Like any other model systems, there are few disadvantages associated with Drosophila models which should be taken into consideration. Although there is a high degree of conservation of molecular signaling pathways underlying disease pathogenesis with mammalian models, there are marked physiological differences in terms of brain anatomy and blood–brain barrier permeability.82 It is also noteworthy that Drosophila has a simple immune system and lack a classical adaptive immune response, thereby limiting the study of neuroinflammation that is biologically relevant to humans.83 However, due to highly conserved innate immune pathways and responses with humans, the fly models allow to unravel the contribution of the innate immune response to disease pathogenesis without the interference of adaptive immune signaling. Unlike cell culture models, Drosophila strains cannot be frozen and require frequent passaging to maintain as living cultures. However, the low cost and shorter life cycle make it feasible to maintain large living stocks. Another potential drawback of using fly models is the presence of certain vertebrate-specific factors linked to disease pathology, thereby making it difficult to gain mechanistic insights using invertebrate models. Despite these shortcomings, the fly still remains a powerful model system that can be used not only as a screening platform for novel therapeutics during the initial stages of drug discovery pipeline but also to develop novel assays to elucidate the mechanistic effect of bioactive compounds on disease pathogenesis.

Drosophila models of PD

Despite intensive research in the field of neurodegenerative diseases, the etiology of PD remains unclear.
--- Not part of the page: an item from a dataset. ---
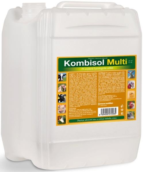 Problém: Pri zvýšenej fyziologickej záťaži dochádza v organizme k porušeniu vnútorného prostredia a sú naštartované metabolické procesy, ktoré vedú k jej obnoveniu. Mnohé pochody sú riadené hormónmi, ktoré vyžadujú pre svoju syntézu vitamíny. Ich nedostatok alebo nesprávna hladina takto znižuje úžitkovosť. Zloženie v 1 ml: vitamín A 5 000 IU , vitamín D3 500 IU , vitamín E 20 mg, cholínchlorid 100 mg, niacínamid 10 mg, D-panthenol 5 mg, vitamín B2 3 mg, vitamín B1 3 mg, vitamín B6 2 mg, vitamín K 1 mg, biotín 0,015 mg, vitamín B12 0,005 mg. Spôsob aplikácie: Kombisol Multi sa podáva zvieratám riadne rozriedený v pitnej vode alebo mlieku. Preventívne po dobu 5 – 15 dní v uvedených dávkach. Aplikáciu je možné opakovať po 3 – 4 týždňoch. Roztok je nutné pripravovať denne čerstvý, chrániť pred priamym slnečným svetlom a čo najrýchlejšie spotrebovať. Nepodávať neriedený prípravok! Dávkovanie:
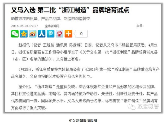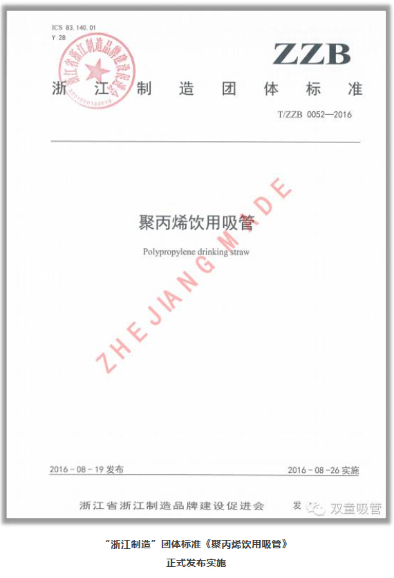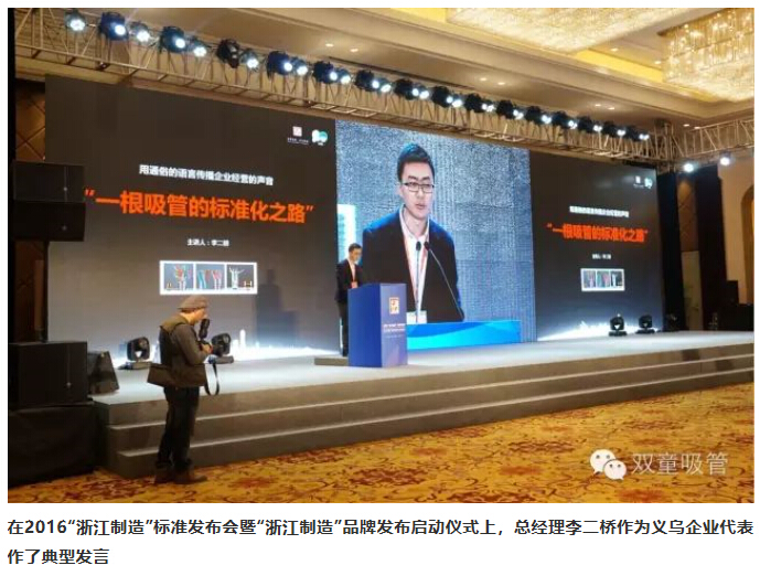 雙童成為義烏首家“浙江制造”標準企業(yè) 首先,讓我們來回顧一下“雙童”成為義烏首家制訂“浙江制造”標準企業(yè)的過程: 2016年年初,經(jīng)浙江省質(zhì)量技術(shù)監(jiān)督局、浙江省標準化研究院等相關(guān)領(lǐng)導(dǎo)專家團隊多次論證,認為“聚丙烯飲用吸管”符合“浙江制造”定位要求,推動聚丙烯飲用吸管品牌認證具有重大意義,決定將“聚丙烯飲用吸管”列入2016年“浙江制造”品牌認證目錄,并由“雙童”主導(dǎo)制訂“浙江制造”《聚丙烯飲用吸管》標準。

Although several genes have been identified that are associated with PD, only 10–15% of overall PD cases are linked to genetic causes while most PD cases are sporadic.84 Several lines of evidence suggest that PD is a complex multifactorial disorder caused by a combination of genetic and environmental factors, which affect multiple key signaling pathways in different cell types leading to the progressive loss of DA neurons.85 Moreover, epidemiological data suggest that pesticide and other environmental toxins pose as a risk factor for developing PD.86,87 The Drosophila genome encodes orthologs of most of the genes that have been implicated in PD, and the fly model mimics PD associated disease pathology.69,70 The identification of several genes linked to the familial cases of PD such as SNCA (α-synuclein),88 Leucine-rich repeat kinase 2 (LRRK2),89 Parkin,90 PTEN-induced putative kinase 1 (PINK1)91 and DJ-192 highlighted the critical role of genetics in PD etiology.93 Moreover, genome-wide association studies suggest that some of these genes are also linked to sporadic forms of PD.1

Sporadic and genetic PD models

The availability of several transgenic PD models in Drosophila, including both genetic and sporadic, provides a flexible tool to screen natural products and elucidate the molecular mechanism underlying neurodegeneration in PD.94 The α-syn encoding gene, SNCA, is the first gene in which mutations such as A30P and A53T were reported to be associated with autosomal-dominant forms of familial cases of PD.88 The cellular function of α-syn is still unclear. Feany and Bender developed the first transgenic α-syn Drosophila PD models expressing either wild-type or familial mutants (A53T and A30P) of human α-syn.95 The transgenic α-syn flies were shown to mimic several symptoms of human PD, such as motor dysfunction, α-syn accumulation, and dopaminergic neuron loss. This model is widely used to decipher the molecular pathogenesis of PD and can also be employed for screening of drugs. In fact, this model was used to show the therapeutic effects of l-dopa and dopamine agonists against α-syn-induced toxicity.96 In addition, other therapeutic agents like SIRT2 and HDAC inhibitors were identified using the α-syn Drosophila PD model.97,98 This further demonstrates the utility of the Drosophila models as a drug screening platform. Mutations in LRRK2 are the most common cause of sporadic and familial forms of PD. LRRK2 transgenic fly models have been used to screen neuroprotective effects of anti-oxidants and phenolic compounds against PD pathogenesis.99,100 Parkin, which functions as an E3 ligase, was identified in families with autosomal recessive juvenile parkinsonism.101 Genomic knockout of parkin in Drosophila mutants exhibit mitochondrial damage and increased sensitivity to oxidative stress.102,103 Another gene linked to the autosomal recessive forms of PD encodes a serine/threonine kinase, PINK1. Recent work in Drosophila and mouse models suggest a specific role of PINK1 in controlling mitochondrial function,104 thereby highlighting the connection between mitochondrial dysfunction and PD pathogenesis. Due to the presence of functionally conserved genes linked to human PD, these Drosophila genetic models can serve as a powerful screening tool to identify new therapeutic targets.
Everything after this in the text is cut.